Санкт-Петербург, зима 1758 г.
И зачем он тогда выкрикнул «слово и дело»? Наверное, с перепугу. Да и подставлять спину под розги не хотелось. Ведь всего десять дней как был бит за непотребство, учиненное им в доме университетского ректора Крашенинникова.
Вообще же господам студиозусам частенько доставалось на орехи. А ему в особенности.
С того самого дня, когда в мае сорок восьмого года Иван, ученик Александро-Невской семинарии, а с ним еще четверо парней его возраста были зачислены в учрежденный при Академии университет, начались хождения по мукам.
В семинарии что? Зубрежка да молитвы. Шибко не побалуешь.
Университет – дело иное. Храм наук и учености. Вместо долгополой рубахи Ивана обрядили в штаны с камзолом, зеленый кафтан, чулки с башмаками, треугольную шляпу. А главное, дали шпагу с портупеей.
Он был вне себя от гордости. Видели б его тятенька с сестрицей (матушку к этому времени уже Господь забрал). Вольность! Вольность! Вот о чем мечтается в шестнадцать лет.
Однако не тут-то было. Видать, и университетское начальство помнило о своих молодых летах и многочисленных соблазнах, подстерегающих пылких юношей на каждом шагу. Потому и разработало для воспитанников иерархию наказаний – общим числом в десять разрядов.

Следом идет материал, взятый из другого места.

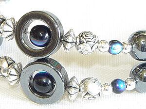 ドーナツ型に美しく研磨されたヘマタイトを中心に、その内部に幻想的な「シーオパール」を閉じ込めた、非常に技巧的で豪華な2連ブレスレットです。 サイドには大粒の雫型ヘマタイトを配置。メタリックな輝きと、シーオパールの深みのある色彩が調和し、落ち着いた中にも圧倒的な華やかさを感じさせます。 2007年当時の職人の遊び心と美学が詰まった、他にはない個性が光る一点物です。

За ослушание начальства подавался рапорт в канцелярию, которая решала дальнейшую судьбу нарушителя, а до тех пор он находился под караулом. За непослушание ректору студент водворялся на две недели в карцер на хлеб и воду. За ослушание профессоров – неделя карцера; учителей – три дня. За обиду товарища словом – один день карцера, а рукоприкладством – рапорт в канцелярию. За пьянство полагалось при первом уличении – неделя карцера; при втором – две недели; при третьем – рапорт в канцелярию. За отлучку из общежития без позволения ректора или адъюнкта: за первый раз – карцер (срок – по усмотрению господина ректора); за второй – вдвое дольше: за третий – рапорт в канцелярию. Ежели студент не ночевал в общежитии: за первый раз – неделя карцера; за второй – две недели; за третий – рапорт в канцелярию. За пропуск лекций: на первый раз – серый кафтан на день; на второй – его же на две недели; на третий – на три недели и т. д. За невыученный урок: впервой – серый кафтан на день; на второй раз – на два дня; третий – три дня и т. п. За кражу – рапорт в канцелярию, а до назначения оной наказания – под караул.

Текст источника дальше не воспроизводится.